An hour and a half northeast of Toronto, Kawartha Lakes is made up of 24 communities (including Lindsay and Fenelon Falls) with more than 250 lakes and rivers. Bobcaygeon, home to the first lock along the Trent-Severn Waterway, is an especially fun spot to explore. The Bobcaygeon Farmers Market is an ideal way to spend a Saturday morning. You’ll find local vendors including Martin Family Farm, which offers summer sausage, pies, tomato plants and more. Dessert lovers will definitely want to hit a stop or two on the Kawarthas Northumberland Butter Tart Tour. Download a map online to check out the 50 spots you can visit for gooey, flaky tarts, including the Bobcaygeon Bakery. Or, cool off with a cone at the headquarters of Kawartha Dairy Ice Cream. This family-owned company is famous for its delicious flavours made with fresh cream from local farmers. Go for a classic flavour like Moose Tracks or try the newer Iced Coffee Sorbet. When evening falls, enjoy an Old Dog Brewery Single Malt Scottie by the fireplace at The Original Just for the Halibut Tap House and Grill. The restaurant is known for its delicious seafood dishes, including steamed P.E.I. mussels and pan-seared Ontario wild-caught pickerel.
What to do: Pick up a bicycle from the Bike Share program at Lock 32 and cycle the South Sturgeon Route toward Lindsay for some amazing views of Sturgeon Lake. The 36-kilometre route will take you by Kawartha Settlers’ Village, where you can walk between 20 historic buildings and get a feel for what life in the Kawarthas was like between 1830 and 1935. And you can’t leave Bobcaygeon without a visit to the beloved Bigley Shoes & Clothing. The legendary store has more than 40,000 pairs of shoes and 25,000 swimsuits!
Where to stay: For some well-deserved relaxation, reserve a cottage at Blue Pigeon Resort. With amenities like a saltwater swimming pool, boat rentals and designated campfire spots, the resort is an ideal place to slow down and take in some gorgeous sunsets.
The highlands are known for their stunning rock faces, lakes, valleys and unique outdoor activities. The population more than triples during the warmer months of the year, but there’s still more than enough space for everyone to enjoy the great outdoors. And there’s plenty of great food to enjoy, from woodfired pizza from Into the Blue Bakery at the Haliburton County Farmers’ Market to the Reuben sandwich of McKeck’s, a cottage country institution that was originally opened by Toronto Maple Leaf player Walt McKechnie. Beer lovers will want to chill out with a pint of Spruce Kveik – flavoured with locally-foraged spruce tips, of course – at award-winning micro-brewery Haliburton Highlands Brewing. And if you’re camping or renting a cottage, the fresh and frozen options at AM/PM Outdoor Gourmet are made with local ingredients, and can easily be heated and served. Try the sundried white bean salad and the Jamaican jerk wings.
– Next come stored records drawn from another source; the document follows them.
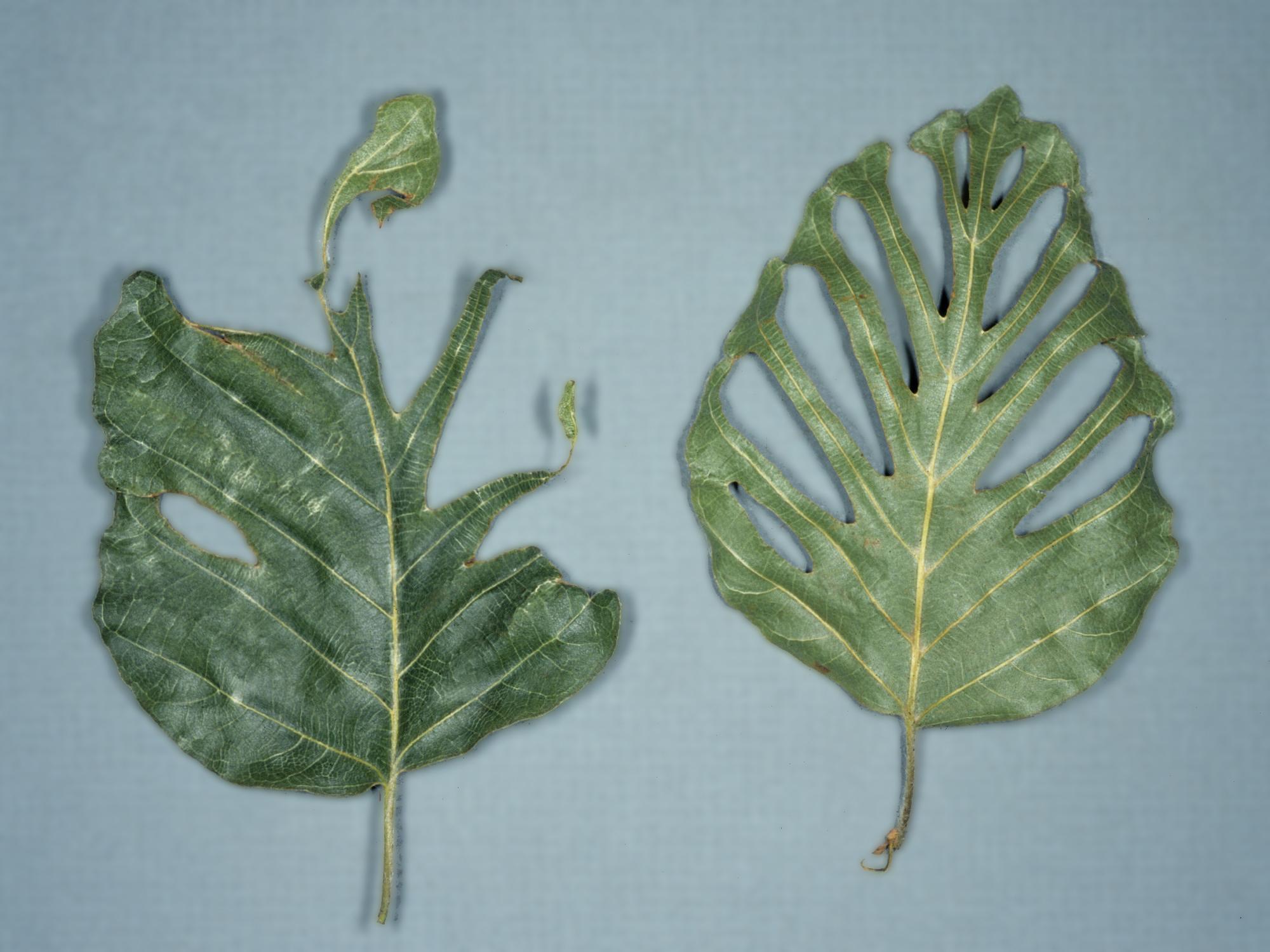 Description: Des feuilles de hêtre provenant d’une pépinière sont déformées. Le limbe ne s’est pas complètement développé entre les nervures ou une partie du limbe et de la marge est absente. Dans le livre de Sinclair et Lyon (2005), ce symptôme réfère à l’effet d’un gel printanier sur les bourgeons à feuilles ou sur des feuilles qui ne sont pas encore pleinement déployées.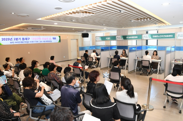 [파이낸셜경제=박영진 기자] 부산 동래구는 지난 6월 27일 오후 2시부터 5시까지, 동래구청 9층 다목적 회의실에서 ‘2025년 2분기 동래구 구인・구직 만남의 날’을 성황리에 개최했다고 밝혔다.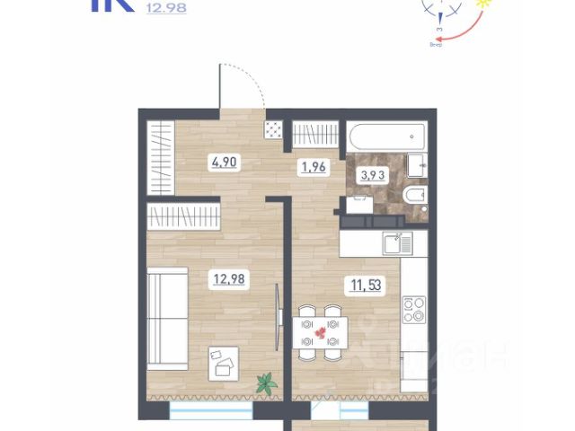 Продаётся 1-комнатная квартира в строящемся доме (Дом 11), срок сдачи: IV-кв. 2025, общей площадью 45.61 кв.м., на 1 этаже. Расположение, транспортная доступность Жилой комплекс "Радуга Сибири", занимающий территорию 10,4 га, расположен на берегу озера, в Ленинском районе Новосибирска. Это экологически благоприятный регион на левом берегу Оби. В двадцати минутах пешком находится железнодорожная платформа пригородного направления "Ипподром". Электричка доезжает до центра Новосибирска за 25 минут. От комплекса организовано движение маршрутного такси 12, на котором можно доехать до центра Левобережья (метро "Площадь Маркса") и главного железнодорожного вокзала Новосибирска. Путь на автомобиле до площади Маркса или международного аэропорта займет пятнадцать минут, до центра Новосибирска - двадцать минут. Район развивается: по соседству с "Радугой Сибири" построен жилой микрорайон "Чистая Слобода", планируется расширение Порт-Артурской улицы, продление улицы Титова. В 2016 году было запущено движение скоростного трамвая. Инфраструктура В цокольных этажах домов находятся коммерческие помещения. Вблизи комплекса "Радуга Сибири" расположены два детских сада, строится школа, планируется открытие поликлиники. За двадцать минут можно дойти до общеобразовательной школы 86 - в ней был построен спортивный зал и сделан ремонт в 2015 году. В пешей доступности находятся: Дворец культуры "Сибтекстильмаш" с кружками и секциями, Троице-Владимирский собор и Новосибирский ипподром. Вблизи ЖК много зеленых насаждений, пешком можно дойти до парка и сквера. На расстоянии 3 км от комплекса расположены МНТК "Хирургия глаза" им. С.Н Федорова, плавательный бассейн и спорткомплекс "Заря" со стадионом, зимним катком, футбольными и хоккейными площадками. Надежность застройщика Проект комплексной застройки "Радуга Сибири" реализует ООО "Развитие", которое создано в 2012 году и входит в состав промышленно-строительного концерна "Сибирь". Концерн работает с 1990 года, среди завершенных объектов - жилые комплексы "На Рябиновой", "Нарымская Жемчужина", "Тулинское", "Березовое". В 2012 году компания заняла первое место среди застройщиков Новосибирска по объемам ввода жилья. Градостроительный план ЖК "Радуга Сибири" был разработан в 2015 году, в июле этого же года выдано разрешение на строительство. Архитектура Жилой комплекс "Радуга Сибири" - это восемь монолитных 17-этажных домов. Здания возводятся по традиционной монолитной технологии: перекрестно-стеновая система с несущими монолитными продольными и поперечными внутренними стенами, объединенными железобетонными перекрытиями. При строительстве применяется тоннельная опалубка Teknik-L. Квартиры сдаются с предчистовой отделкой, качественными деревянными стеклопакетами, улучшенной шумоизоляцией. Стены выровнены и оштукатурены, полы выровнены. В квартирах выполняется разводка электричества и вертикальная разводка системы отопления, подводятся трубы холодной и горячей воды, канализации, устанавливаются счетчики на электроэнерг

What to do: Take in some incredible views on the Haliburton Forest Canopy Tour, a four-part adventure that begins with a scenic drive through the forest (in your own car). Next, you’ll canoe across a lake and go for a guided walk along the Pelaw River Rapids before the best part: climbing 20 metres up into the treetops. The canopy boardwalk is over half a kilometre long (the longest of its kind in the world) and offers breathtaking views of Haliburton Forest. Later, catch a flick at Highland Cinemas Kinmount, a museum and movie theatre in one. Get there early to check out the impressive collection of film memorabilia and projectors. The Haliburton Sculpture Forest is a great place to take in some local art in a beautiful, natural setting, and it’s budget friendly, too. The entry fee is donation-based and there are free guided tours in July and August. The collection is made up of works by Canadian and international artists.
Where to stay: The Lakeview Motel in Haliburton is the perfect place to unwind after a long day spent exploring, especially if you book a room with an outdoor jacuzzi! Its country-style rooms are cozy and comfortable – and pets are welcome here, too.